- Born: 3 March 1912
- Died: 22 March 1987 (aged 75)
- Other names: Andrew Guinand
- Citizenship: Australian
- Scientific career
- Fields: Mathematics
- Institutions: University of New England, Australia

= Andrew Guinand =

Australian mathematician (1912–1987)

Andrew Paul Guinand (known as Andrew Guinand) (3 March 1912 – 22 March 1987) was an Australian mathematician and a professor at the University of New England.

== Early life and education ==
Guinand attended St Peter's College, Adelaide from 1924 to 1929. In 1930, he entered St Mark's College of the University of Adelaide to study mathematics. After graduating in 1933, Guinand attended the University of Oxford on a Rhodes Scholarship, where Edward Charles Titchmarsh supervised his doctoral research. From 1937 to 1938, he studied at Göttingen, after which he studied at Princeton University, until in 1940 he joined the Royal Canadian Air Force and served as a navigator.

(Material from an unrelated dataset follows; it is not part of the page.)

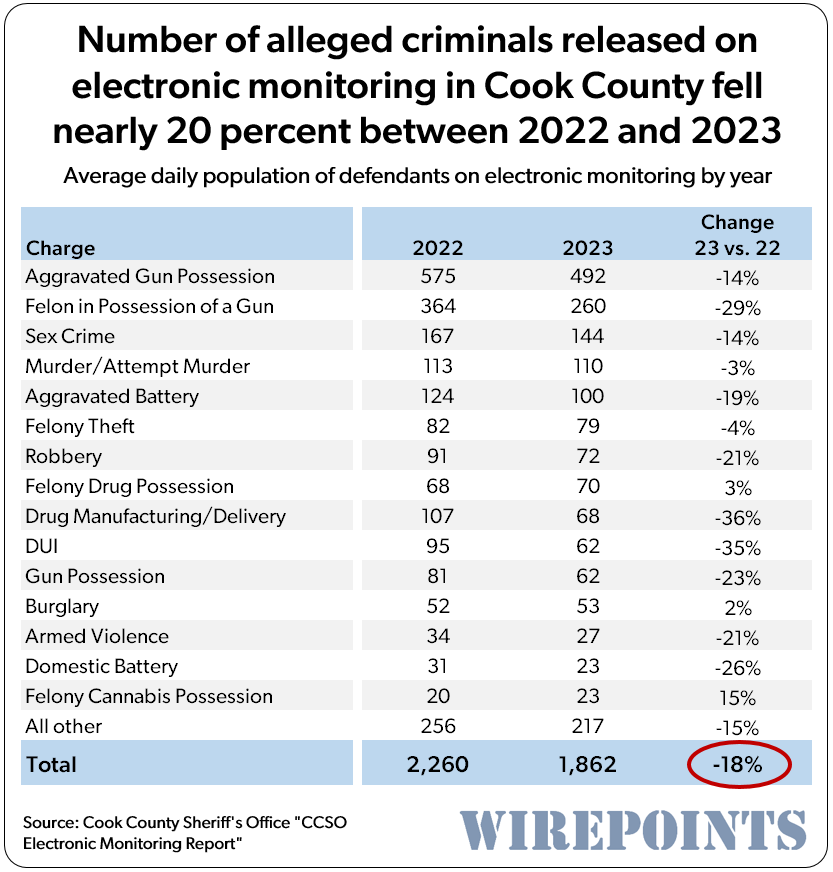 But if Cook County’s jail population is down and the number of defendants on electronic monitoring is also down – at the same time that violent crimes have just hit post-covid highs – then it’s not an unfair conclusion that more violent criminals are out on the street.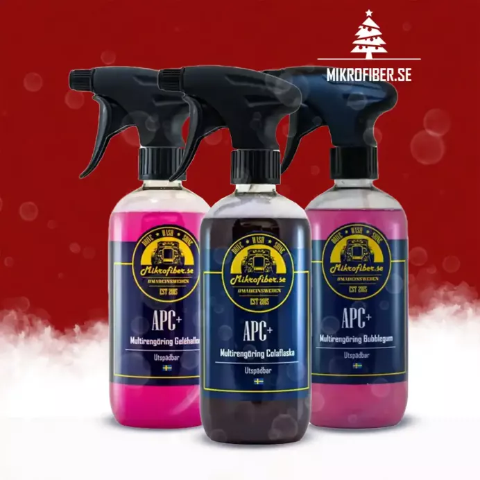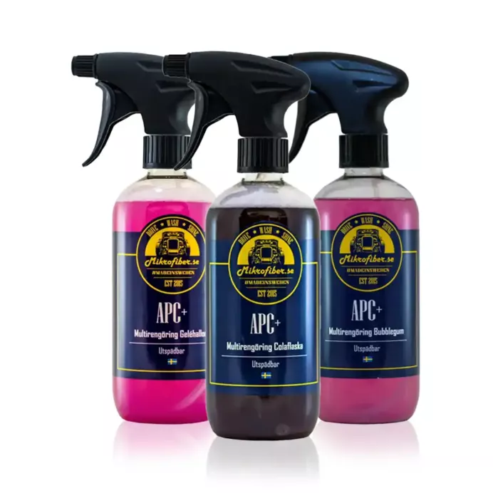 Kolme ehdotonta bestselleriä yhdessä paketissa, APC+ Multi-Cleaning! Paketti karkin tuoksulla! Kaikki Mikrofiber.se-sarjan kemiat on valmistettu Ruotsissa. Läs mer

Guinand worked as an assistant at the University of Cambridge, and then as a lecturer at the Royal Military College of Science, where he was eventually promoted to Associate professor of Mathematics. In 1955, he was named Head of department at the University of New England at Armidale. After two years at Armidale, he moved to the University of Alberta in Edmonton, Alberta, and in 1960 moved again to the University of Saskatchewan. In 1964, he moved once more, becoming the first chairman of the mathematics department at Trent University which had been founded the previous year.

== Work ==
Guinand's research included work in number theory (particularly prime numbers and the Riemann hypothesis), as well as generalizations of the Fourier transform, in addition to publications on assorted topics including air navigation and the computation of pi.

In 1959, he published a paper on the Poisson summation formula for which he presented a simpler solution. Guinand's work on this problem was largely forgotten and remained in obscurity until it was re-discovered by Yves Meyer in 2015.